(Saved data entries)
'''
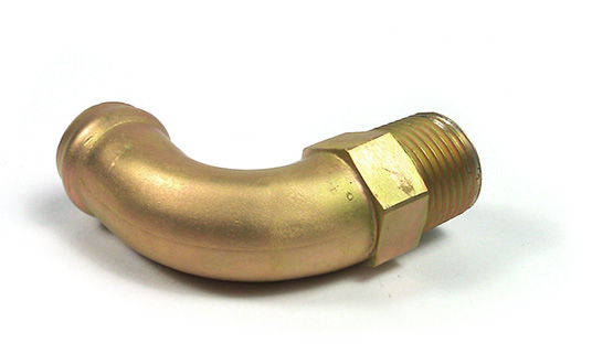 A 3/8" 90° short high-flow fitting used for either inlet or outlets with installations having 5/8" hoses. |
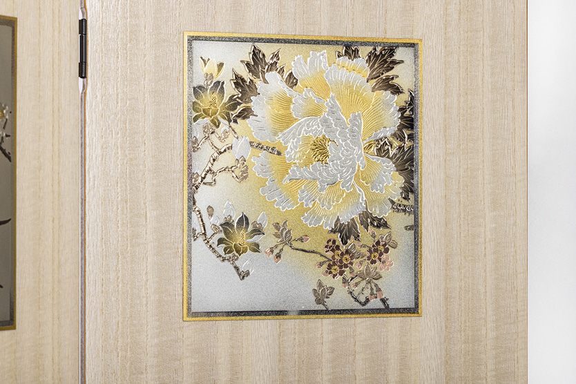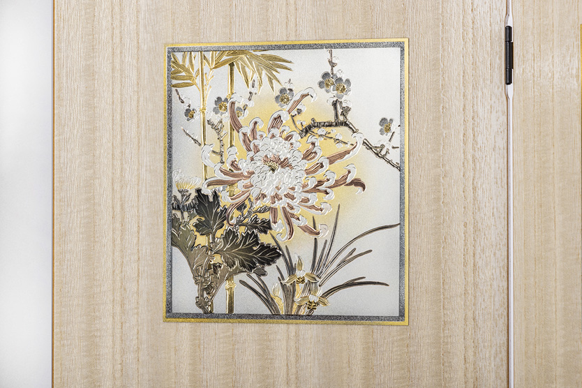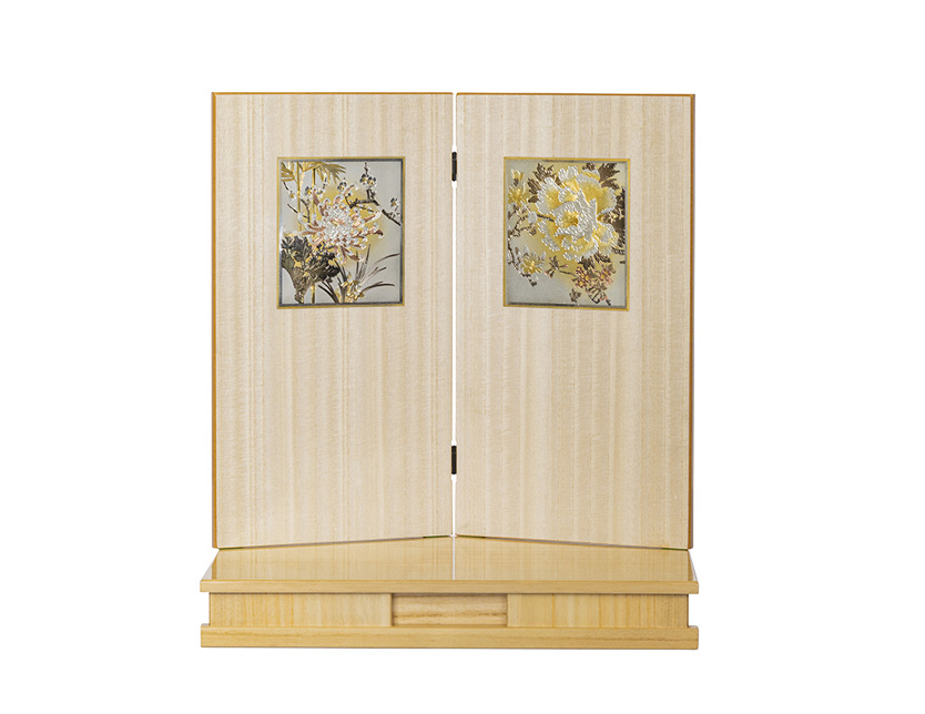 四君子(蘭・竹・菊・梅の4種)は、学識が高く礼儀を備えた聖人君子の姿を象徴します。そのように健やかに成長してほしいという願いを込めた屏風です。
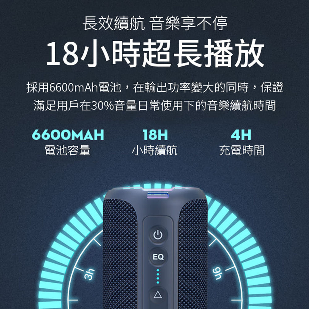 配備6600mAh電池,單次充電可連續播放18小時(30%音量測試),滿足全天候聽歌需求,隨時隨地都能嗨起來。
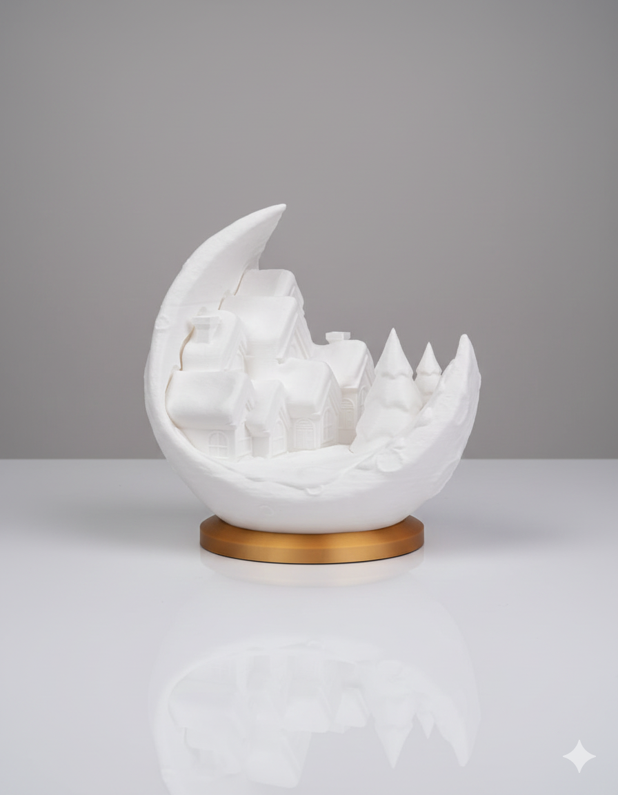 Verleihe deinem Zuhause eine traumhafte, winterliche Stimmung mit diesem einzigartigen Licht-Gehäuse, das ein filigranes Dorf auf einer sanften Landschaft darstellt.
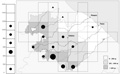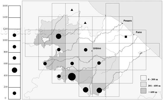 Luscengola - Carta di distribuzione in Provincia di Pesaro e Urbino, 2002. Legenda: cerchio grande = 7 e più rilevazioni dal 1980; cerchio medio = 4-6 rilevazioni; cerchio piccolo = 1-3 rilevazioni; quadrato = dato anteriore al 1980; triangolo = dato fuori dei confini della Provincia. Nel grafico altitudinale: cerchio grande = 15 e più rilevazioni; cerchio medio = 5-14 rilevazioni; cerchio piccolo = 1-4 rilevazioni. Ulteriori notizie nella scheda: Come leggere le schede dei Rettili
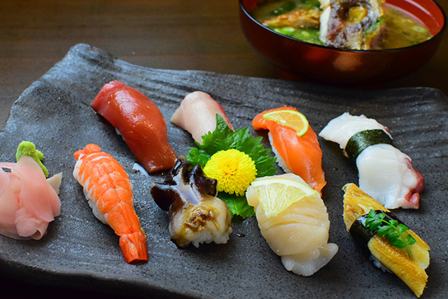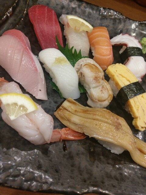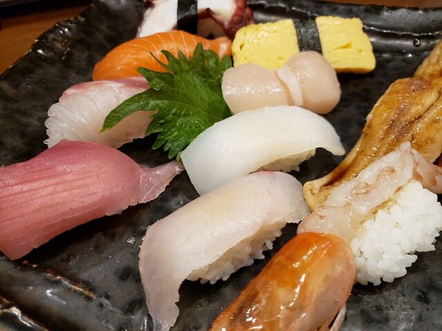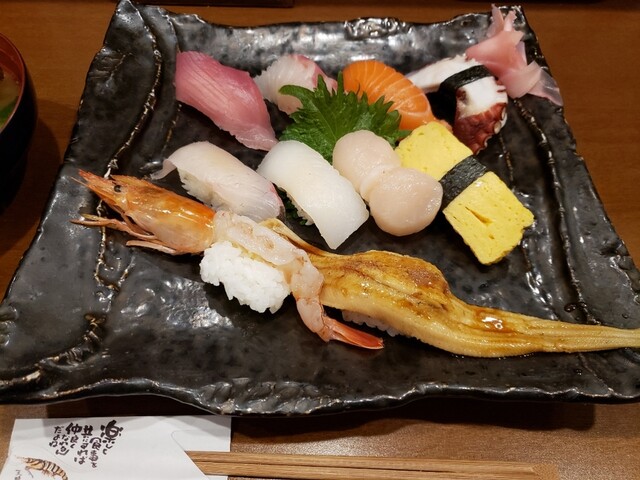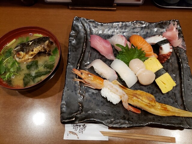 散歩途中にお寿司ののぼりを見て訪問 ランチメニューで 満腹にぎり寿し1,400円 天ぷら盛 上 850円を注文 にぎり寿しには、鯛の骨で出汁にしたお味噌汁もついてます。 ... 詳細を見る
'''
Task directions >> Write the data above out again exactly, every line of it, and exclude the pictures.

Response box >>
 A 3/8" 90° short high-flow fitting used for either inlet or outlets with installations having 5/8" hoses. |
 四君子(蘭・竹・菊・梅の4種)は、学識が高く礼儀を備えた聖人君子の姿を象徴します。そのように健やかに成長してほしいという願いを込めた屏風です。
 配備6600mAh電池,單次充電可連續播放18小時(30%音量測試),滿足全天候聽歌需求,隨時隨地都能嗨起來。
 Verleihe deinem Zuhause eine traumhafte, winterliche Stimmung mit diesem einzigartigen Licht-Gehäuse, das ein filigranes Dorf auf einer sanften Landschaft darstellt.
 Luscengola - Carta di distribuzione in Provincia di Pesaro e Urbino, 2002. Legenda: cerchio grande = 7 e più rilevazioni dal 1980; cerchio medio = 4-6 rilevazioni; cerchio piccolo = 1-3 rilevazioni; quadrato = dato anteriore al 1980; triangolo = dato fuori dei confini della Provincia. Nel grafico altitudinale: cerchio grande = 15 e più rilevazioni; cerchio medio = 5-14 rilevazioni; cerchio piccolo = 1-4 rilevazioni. Ulteriori notizie nella scheda: Come leggere le schede dei Rettili
 散歩途中にお寿司ののぼりを見て訪問 ランチメニューで 満腹にぎり寿し1,400円 天ぷら盛 上 850円を注文 にぎり寿しには、鯛の骨で出汁にしたお味噌汁もついてます。 ... 詳細を見る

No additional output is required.